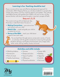 - Enjoy a course with an easy and effective developmental approach for preschoolers. With Stepping Stones, you introduce students to concepts that include colors, letters, nutrition, matching objects, and weather. They will also meet biblical heroes with qualities that children will want to learn as they become familiar with short verses focused on important concepts of faith.
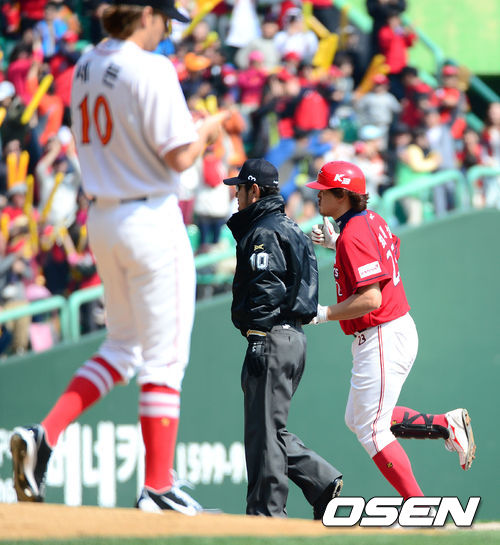 21일 오후 인천 문학야구장에서 열린 2013 한국야쿠르트 세븐프로야구 SK 와이번스와 KIA 타이거즈의 경기, 5회초 무사에서 KIA 최희섭이 중월 솔로 홈런을 치고 그라운드를 돌고 있다.
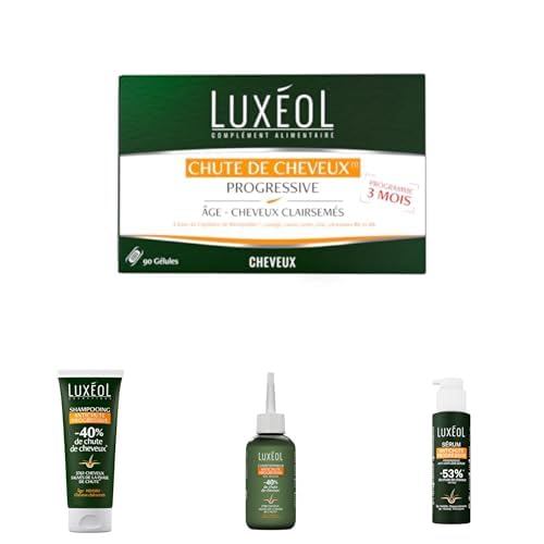 LUXÉOL - Routine Chute de cheveux Progressive - Shampooing + Après-Shampoing + Complément alimentaire - Agit sur Chute de Cheveux - Favorise la fortification
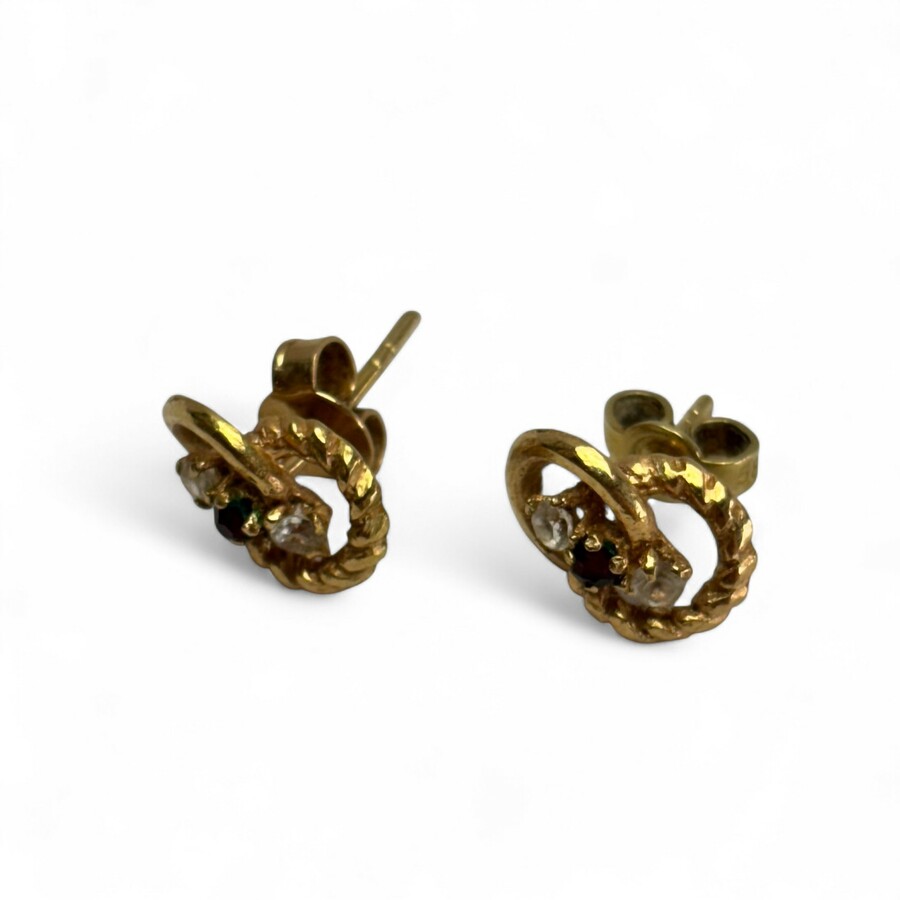Gouden oorknoppen met robijn en zirkonia
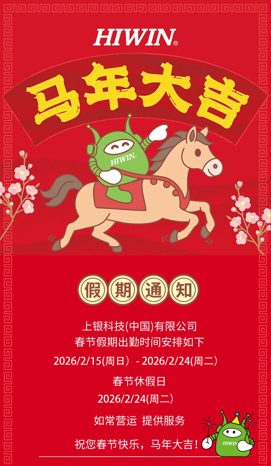 HIWIN祝您春节快乐
====
(PROBLEM TO WORK ON)
Transcribe the listing in full. Omit the pictures and keep every line exact.

(SOLVED PROBLEM)
 - Enjoy a course with an easy and effective developmental approach for preschoolers. With Stepping Stones, you introduce students to concepts that include colors, letters, nutrition, matching objects, and weather. They will also meet biblical heroes with qualities that children will want to learn as they become familiar with short verses focused on important concepts of faith.
 21일 오후 인천 문학야구장에서 열린 2013 한국야쿠르트 세븐프로야구 SK 와이번스와 KIA 타이거즈의 경기, 5회초 무사에서 KIA 최희섭이 중월 솔로 홈런을 치고 그라운드를 돌고 있다.
 LUXÉOL - Routine Chute de cheveux Progressive - Shampooing + Après-Shampoing + Complément alimentaire - Agit sur Chute de Cheveux - Favorise la fortification
Gouden oorknoppen met robijn en zirkonia
 HIWIN祝您春节快乐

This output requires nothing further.